Presiden Prabowo Subianto menggelar rapat terbatas di kediamannya di Hambalang, Bogor, Jawa Barat, pada Sabtu (2/5/2026) malam.
Dalam pertemuan tersebut, Prabowo Subianto memimpin rapat bersama sejumlah anggota Kabinet Merah Putih untuk membahas isu‑isu strategis nasional, khususnya di bidang pendidikan dan pertahanan.
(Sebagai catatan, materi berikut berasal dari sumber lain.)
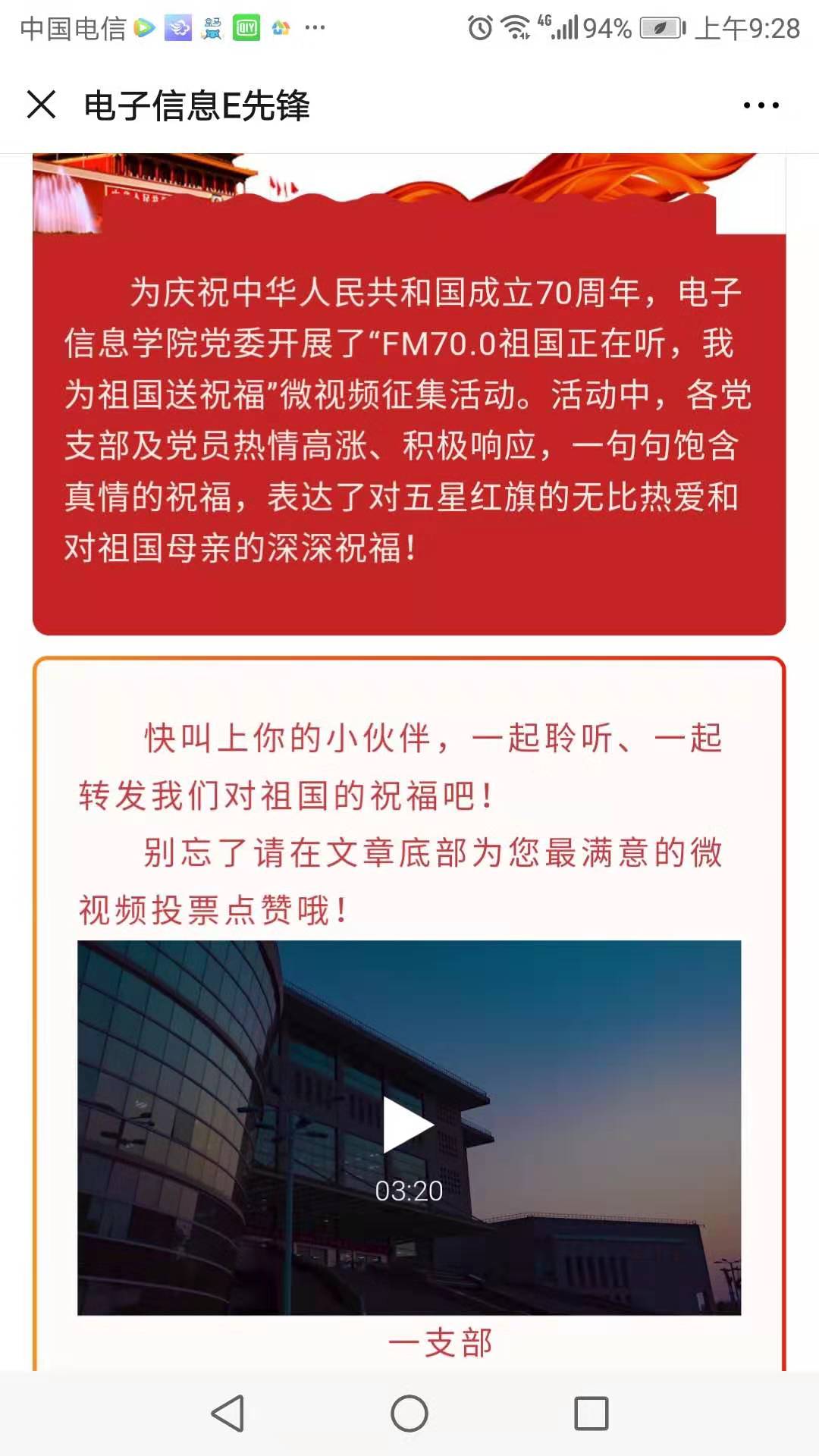 国庆七天,通过电子信息E先锋微信平台开展“FM70.0 祖国正在听:我为祖国送祝福”微视频推送活动,组织学院党支部和党员通过视频短片的形式,为祖国七十周年华诞献上祝福。

Maka rapat di Hambalang menjadi salah satu forum penting bagi Presiden Prabowo Subianto mengevaluasi arah kebijakan dan program prioritas pemerintahan.
Strategi Pendidikan Dalam Agenda Prabowo Subianto
Dalam agenda rapat terbatas tersebut, Prabowo Subianto meminta para menteri dan pejabat terkait memaparkan perkembangan sektor pendidikan menjelang peringatan Hari Pendidikan Nasional (Hardiknas).
Presiden Prabowo Subianto menekankan pentingnya penguatan pendidikan dasar hingga tinggi, termasuk peningkatan kualitas guru, akses beasiswa, serta penyiapan generasi unggul di bidang sains, teknologi, rekayasa, dan matematika (STEM).
Kebijakan tersebut sejalan dengan arahan Prabowo Subianto sebelumnya bahwa anggaran pendidikan harus dioptimalkan untuk membangun manusia Indonesia yang berdaya saing global.
Penguatan Pertahanan Dan Keamanan Di Tengah Geopolitik
Selain pendidikan, Prabowo Subianto juga memfokuskan rapat terbatas pada penguatan pertahanan dan keamanan negara.
Turut hadir dalam rapat tersebut jajaran pimpinan pertahanan dan keamanan, antara lain Menteri Pertahanan Sjafrie Sjamsoeddin, Panglima TNI Jenderal TNI Agus Subiyanto, Kapolri Jenderal Pol Listyo Sigit Prabowo, serta sejumlah kepala angkatan.
Presiden Prabowo Subianto menekankan perlunya peningkatan kapabilitas alutsista, sinergi TNI‑Polri, dan kesiapan menghadapi dinamika geopolitik global yang berdampak pada stabilitas keamanan nasional.
Sinergi Pendidikan Dan Pertahanan Dalam Visi Prabowo Subianto
Sebagaimana rapat terbatas di Hambalang menunjukkan komitmen Prabowo Subianto untuk mengintegrasikan sektor pendidikan dan pertahanan dalam satu kerangka strategi nasional.
Dengan menggabungkan penguatan SDM melalui pendidikan berkualitas dan peningkatan kapasitas militer, Presiden Prabowo Subianto bertujuan menciptakan fondasi yang lebih kokoh bagi Indonesia menjadi negara yang mandiri, berdaulat, serta berdaya saing.
Dengan demikian, lewat pendekatan tersebut menegaskan bahwa Prabowo Subianto melihat pendidikan dan pertahanan sebagai dua pilar utama dalam mewujudkan stabilitas maupun kemajuan jangka panjang bangsa.